By 2030, as projected by the United Nations Educational, Scientific and Cultural Organization (UNESCO), there will be a “new vision of education”, one in which quality, inclusion and value are paramount, which implies investing at least “between 15% and 20% of total public spending of nations” in this sector.
With or without desks, from school to doctoral levels, thousands of students like Karol will turn to digital classrooms in times of the coronavirus in a sign that, in crisis situations, the most important thing is to spread care, not panic. Safe, from their homes, they will exchange pencils for keys, leaves for screens, in a universal call for hope for the continuity of learning.
The coronavirus and virtual technologies
In view of the impossibility of concentrating students in face-to-face spaces, virtual environments and technologies increase their development potential.
the consequences of this disease are being global, causing the economic and social paralysis of many communities, even reaching their isolation. Sectors as relevant as industry, transport, tourism or education analyse the consequences that it may have on their activity and plan actions to deal with it, preventing its spread.
Virtual technologies in the face of the risk of coronavirus
Over the last few months, numerous sports, business or leisure events have been cancelled due to the consequences of the Covid-19. The need for those attending these events to be present in the same space and the risk of massive contagion between them has led to their immediate cancellation, in the hope that these events can be replanned after a reduction in the risk of contagion of the Covid-19 virus.

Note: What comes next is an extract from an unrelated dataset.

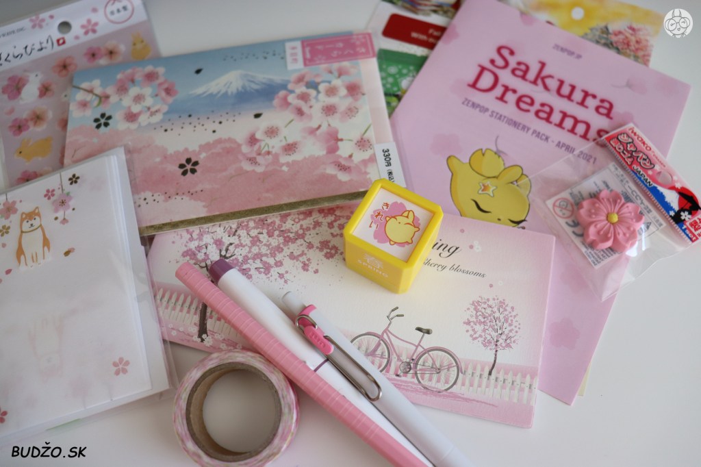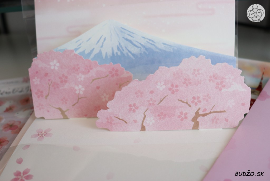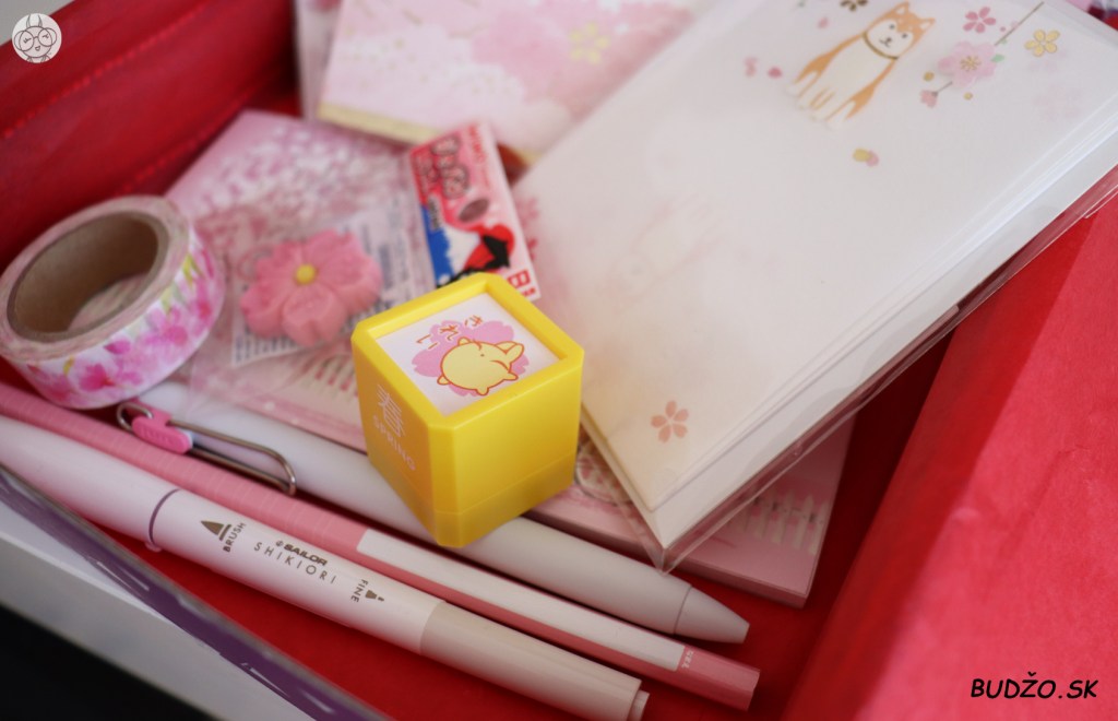 Musím povedať, že s tohto mesačným boxom som bola maximálne spokojná. Z papierenských produktov sa tento mesiac v škatuli nachádzala nádherná pohľadnica s kvitnúcimi sakurami a horou Fuji (na obrázku vpravo), ale i miniatúrna listová súprava s čerešňovými kvetmi a psíkom shiba. Ako i každý mesiac, nemôže chýbať washi páska, samozrejme, takisto celá s krásnym ružovým kvietkovaným dizajnom. Zvyšok papierových výrobkov uzatvárali malé samolepky so zajačikmi a poznámkový blok takisto so sakura dizajnom.

In the case of Education, the risk of contagion and spread of Covid-19 among students attending the same educational environment is high, so it is risky to bring too many students together in the closed space of a classroom. Faced with this situation of impossibility of concentrating students in face-to-face spaces, virtual environments and technologies increase their potential for development.
Virtual environments and technologies have been growing and developing for years thanks to terms such as “any time, any where” or “learning by doing”, but, in view of the risk of the spread of Covid-19, their expectations of development and implementation as educational resources have increased considerably.

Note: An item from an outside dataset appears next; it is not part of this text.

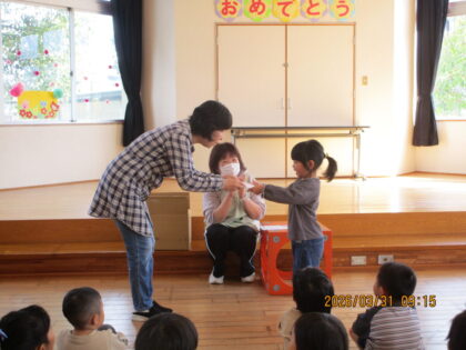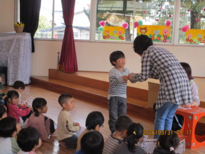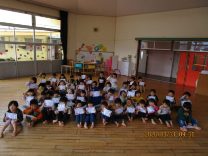 2026.4.1 日々のブログ3月31日 終了式 3・4歳クラスはホールで、小さいクラスは各保育室で終了式を行いました。 園長先生から修了証をいただき、お友だちと見せ合ったり、喜んだりしていました。 明日からは一つ大きいクラスに進級です。楽しみだね。

In view of this situation of worldwide propagation of the Covid-19, the main argument in favour of the growth of these environments and technologies in the educational world is the NON-need for students to be present in the real space where the training action is carried out and the possibility of sharing objectives and non-physical virtual models.
The advantages posed by new virtual environments and technologies in the face of the Covid-19 risk, call for the need to immediately invest human and technical resources in its implementation and subsequent development, with the aim of paralyzing educational action for longer.
Thus, in addition to their interest in the education sector, these adaptive, scalable and non-presential technologies have an enormous potential for development in practically any activity.